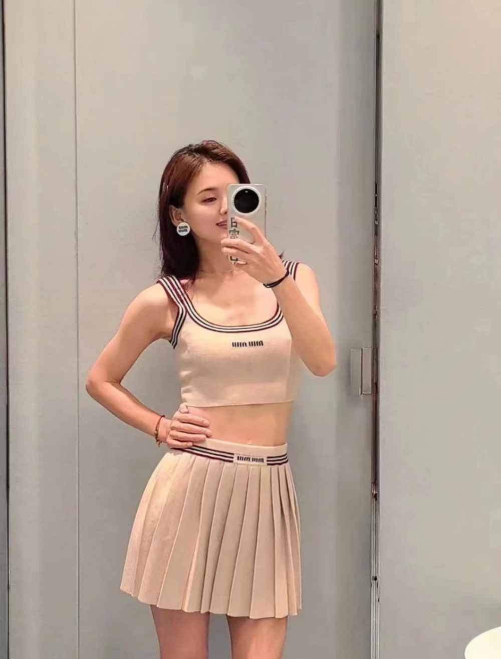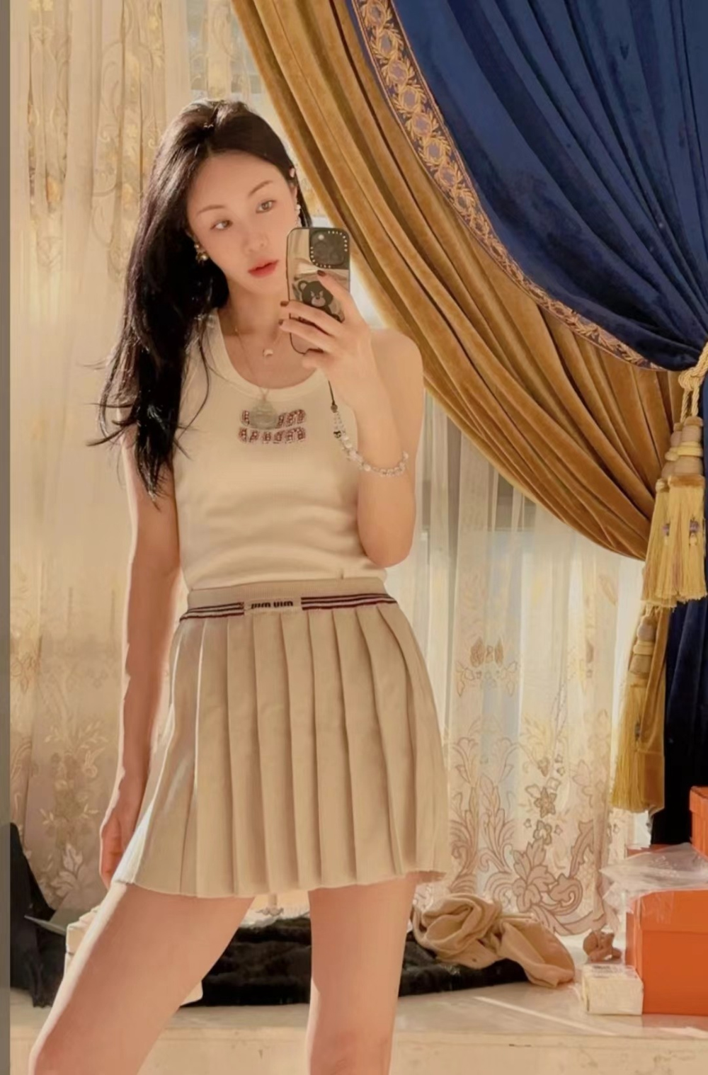 미우미우 플리트 미니 스커트
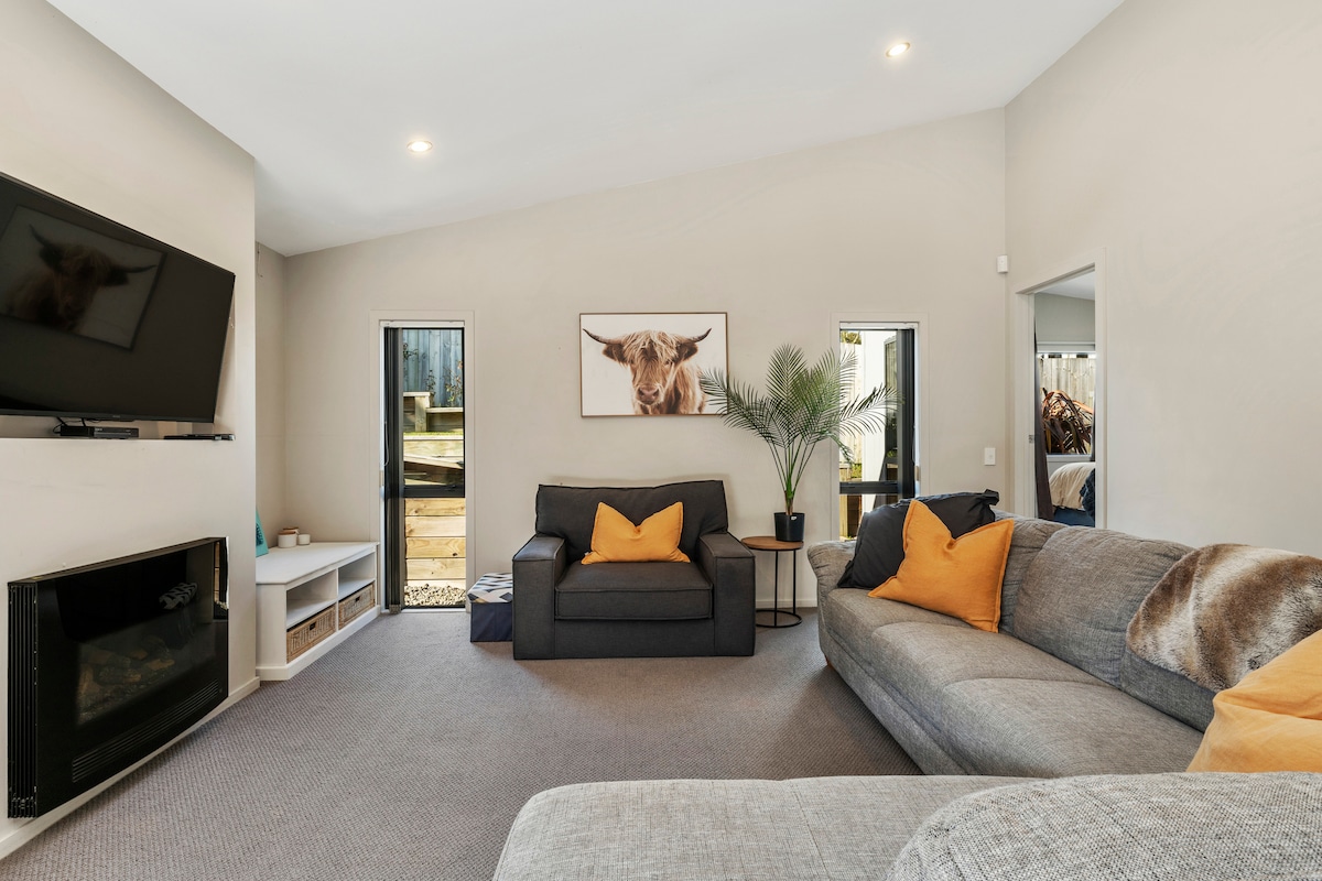 Newly built with wonderful outdoor spaces and off street parking. Fully fenced so can bring along a fur baby. A fabulous local bar and restaurant, hairdresser and takeaway shop within walking distance as is the lake. Peaceful area with glimpses of the mountains and lake. A 5 minute drive from the town centre. Easy access to all the highways from its central location. Additional guests have access to a roll out sofa bed.
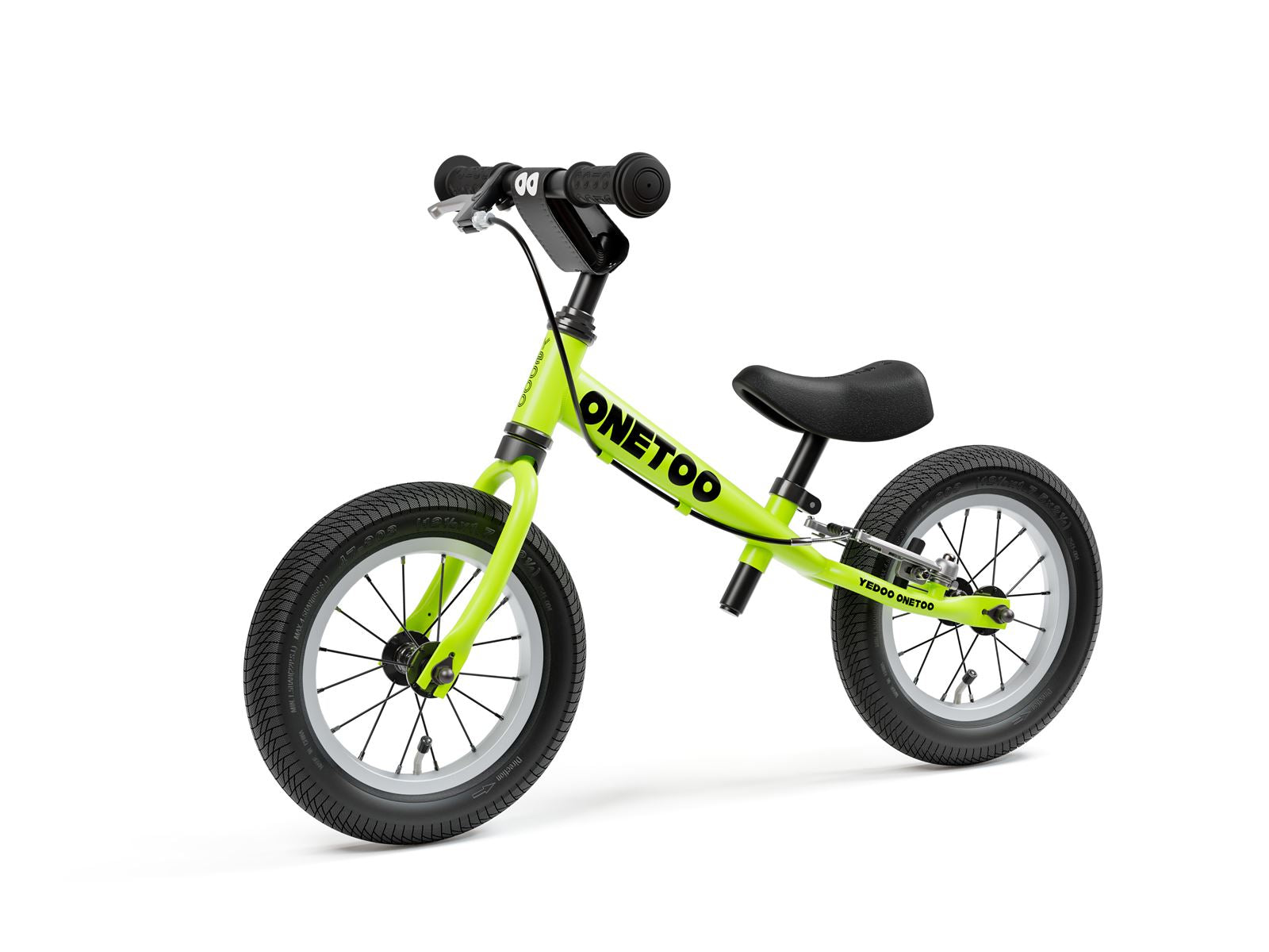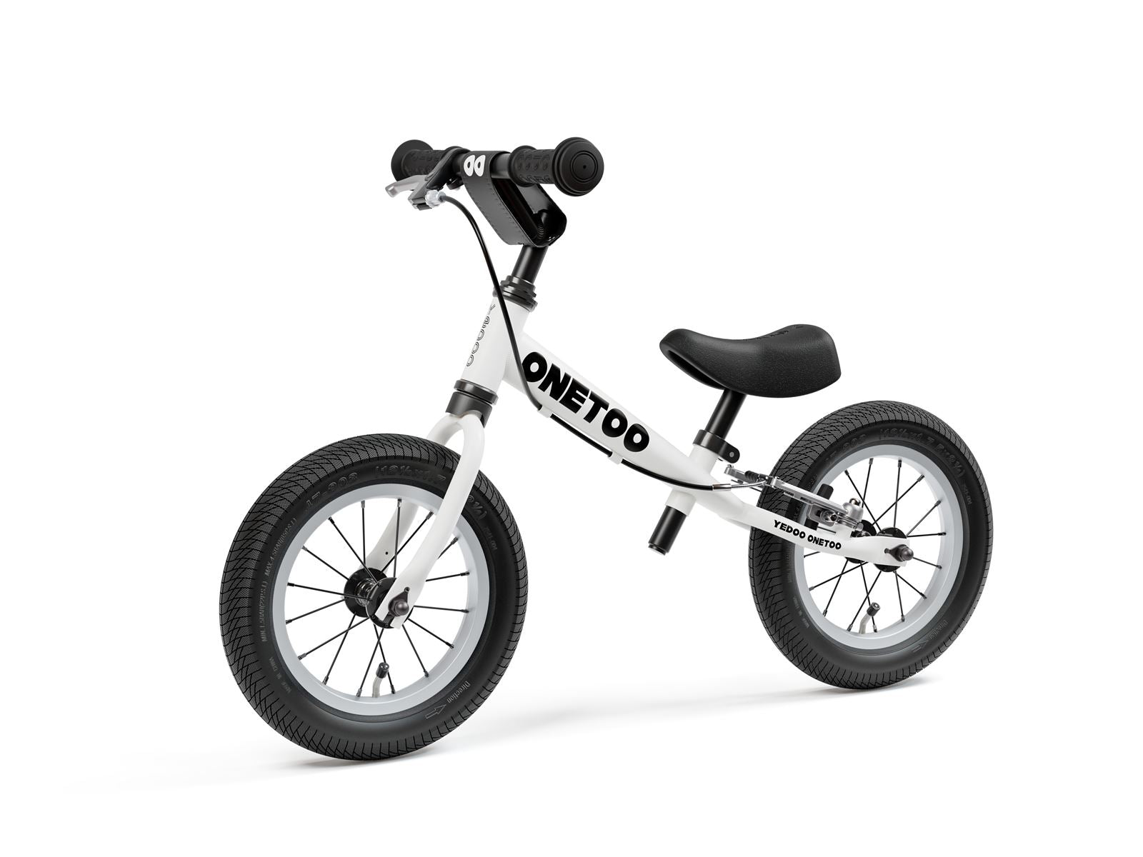 One, two... Yedoo! OneToo is the number one, everything starts with it. First steps, first discoveries, the whole sports path. They say that the Pospíšil brothers, twenty times cycle ball world champions, started with OneToo and so did the inventor of the bicycle... but we have no photos to prove it. Low weight, an anatomical seat with the right seatpost angle and soft ergonomic grips with widened, reinforced ends protecting the kid’s hand even during a fall – it all comes as standard. A reflective print on the handlebar cover comes as a bonus. Simple is beautiful. The best starter.
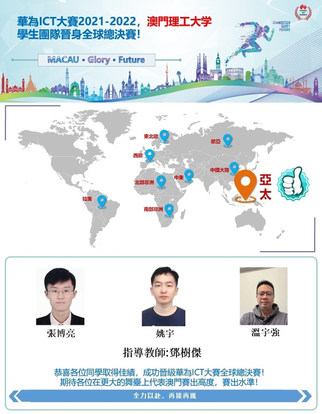 第六届华为ICT大赛在亚太区共吸引了286所院校5,300名学生的参与,经过澳门初赛、决赛、亚太区域赛的层层比拼及选拔后,共有27支网路赛道队伍和17支云赛道队伍于三月进行亚太地区赛。最终,澳门理工大学应用科学学院副教授邓树杰指导的学生温宇强、张博亮及姚宇组成的团队表现优秀,以亚太区网路赛道身份晋身全球总决赛,将全力以赴,代表澳门与来自西欧、拉美、非洲、中国内地、中东、欧亚区的队伍竞赛。
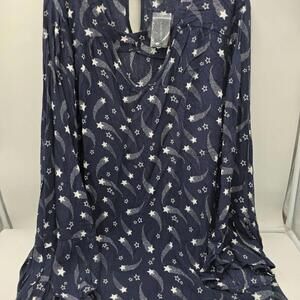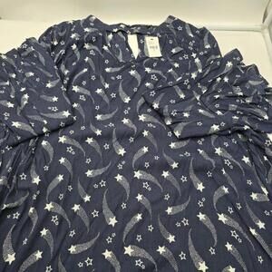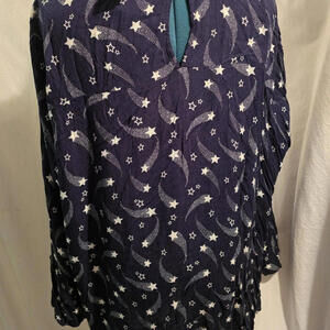 Add a touch of celestial charm to your wardrobe with this beautiful Lane Bryant blouse. The blue blouse features a shooting star design and bell sleeves, perfect for adding a feminine touch to any outfit. This blouse is a size 24 and is ideal for plus-sized women. The blouse is made from high-quality materials and is designed to last.
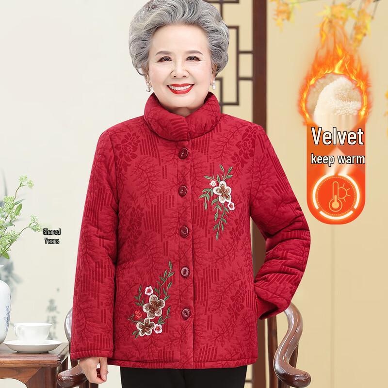 Elderly Women's Plus Velvet Winter Cotton Jacket
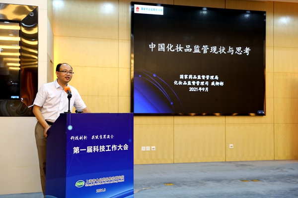 图二:国家药品监督管理局化妆品司副司长戚柳彬作题为《中国化妆品监管现状与思考》的报告。
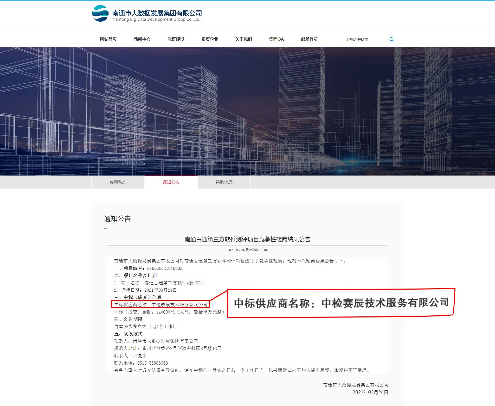 祝賀中檢賽辰技術(shù)服務(wù)有限公司(簡稱:賽辰)中標南通百通第三方軟件測評項目,中標金額:140000元。
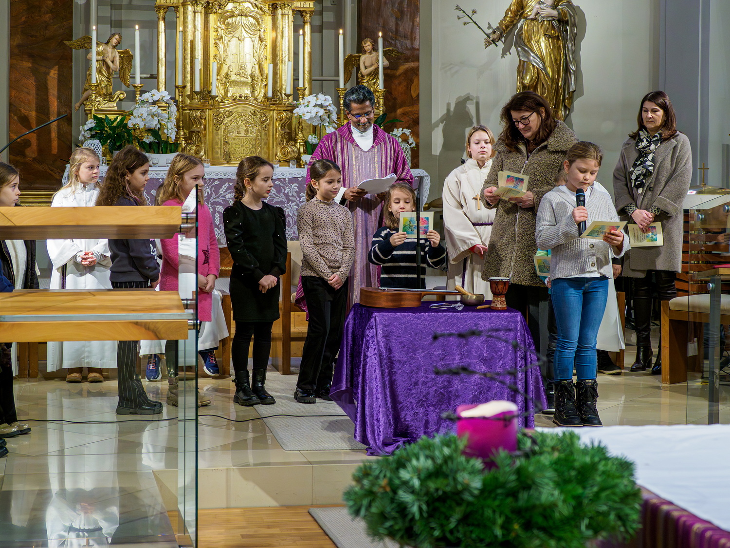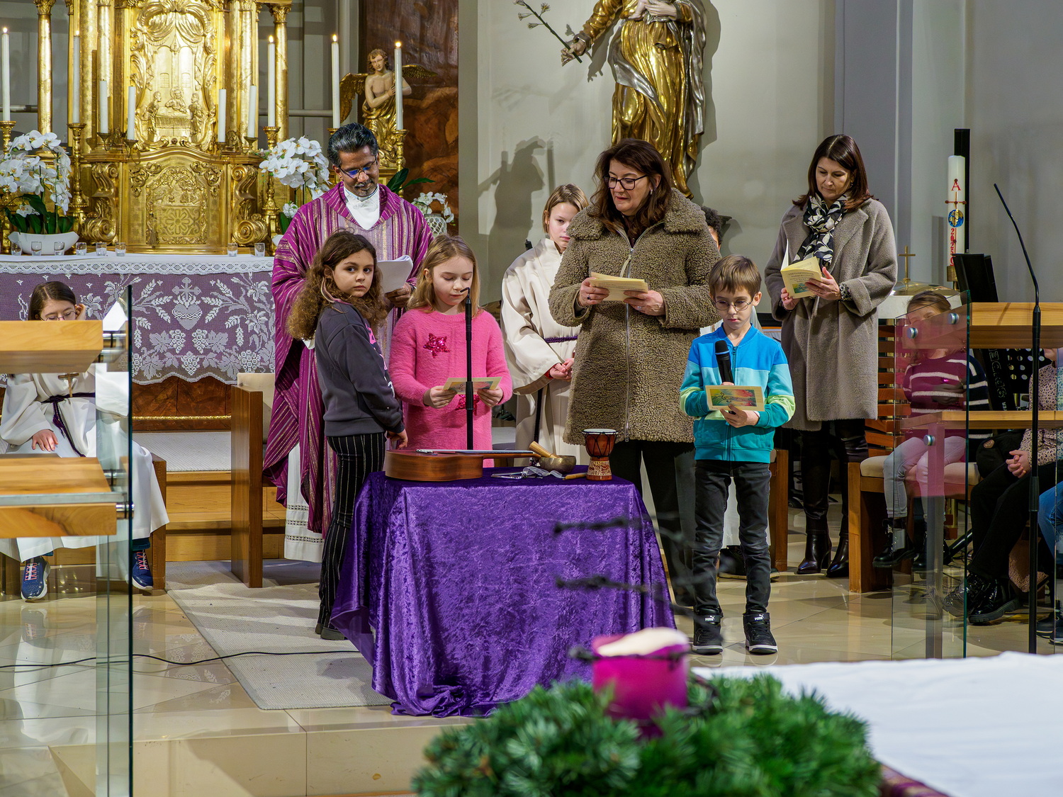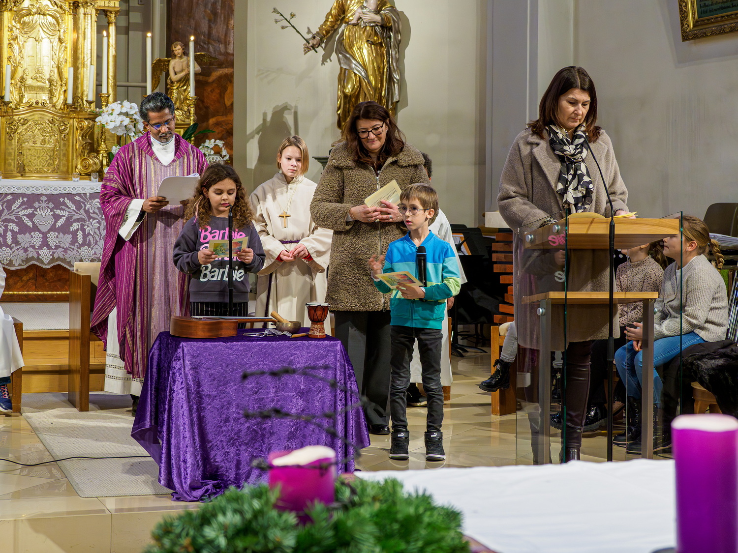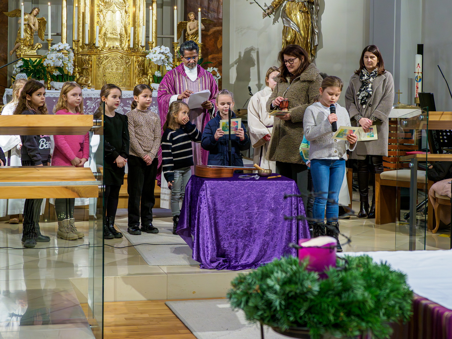Für 24 Kinder, darunter 15 Mädchen und 9 Burschen, war die Heilige Messe mit Pfarrer Sebastian Edakarottu am 14.12.2025, des diesjährigen 3. Adventsonntags ein wichtiger Tag: Sie durften sich der Pfarrgemeinde vorstellen. Diese Kinder werden am 31.05.2026 ihre heilige Kommunion empfangen.
##############################
Would you write out all of the data exactly as it stands, without the pictures?

 미우미우 플리트 미니 스커트
 Newly built with wonderful outdoor spaces and off street parking. Fully fenced so can bring along a fur baby. A fabulous local bar and restaurant, hairdresser and takeaway shop within walking distance as is the lake. Peaceful area with glimpses of the mountains and lake. A 5 minute drive from the town centre. Easy access to all the highways from its central location. Additional guests have access to a roll out sofa bed.
 One, two... Yedoo! OneToo is the number one, everything starts with it. First steps, first discoveries, the whole sports path. They say that the Pospíšil brothers, twenty times cycle ball world champions, started with OneToo and so did the inventor of the bicycle... but we have no photos to prove it. Low weight, an anatomical seat with the right seatpost angle and soft ergonomic grips with widened, reinforced ends protecting the kid’s hand even during a fall – it all comes as standard. A reflective print on the handlebar cover comes as a bonus. Simple is beautiful. The best starter.
 第六届华为ICT大赛在亚太区共吸引了286所院校5,300名学生的参与,经过澳门初赛、决赛、亚太区域赛的层层比拼及选拔后,共有27支网路赛道队伍和17支云赛道队伍于三月进行亚太地区赛。最终,澳门理工大学应用科学学院副教授邓树杰指导的学生温宇强、张博亮及姚宇组成的团队表现优秀,以亚太区网路赛道身份晋身全球总决赛,将全力以赴,代表澳门与来自西欧、拉美、非洲、中国内地、中东、欧亚区的队伍竞赛。
 Add a touch of celestial charm to your wardrobe with this beautiful Lane Bryant blouse. The blue blouse features a shooting star design and bell sleeves, perfect for adding a feminine touch to any outfit. This blouse is a size 24 and is ideal for plus-sized women. The blouse is made from high-quality materials and is designed to last.
 Elderly Women's Plus Velvet Winter Cotton Jacket
 图二:国家药品监督管理局化妆品司副司长戚柳彬作题为《中国化妆品监管现状与思考》的报告。
 祝賀中檢賽辰技術(shù)服務(wù)有限公司(簡稱:賽辰)中標南通百通第三方軟件測評項目,中標金額:140000元。
Für 24 Kinder, darunter 15 Mädchen und 9 Burschen, war die Heilige Messe mit Pfarrer Sebastian Edakarottu am 14.12.2025, des diesjährigen 3. Adventsonntags ein wichtiger Tag: Sie durften sich der Pfarrgemeinde vorstellen. Diese Kinder werden am 31.05.2026 ihre heilige Kommunion empfangen.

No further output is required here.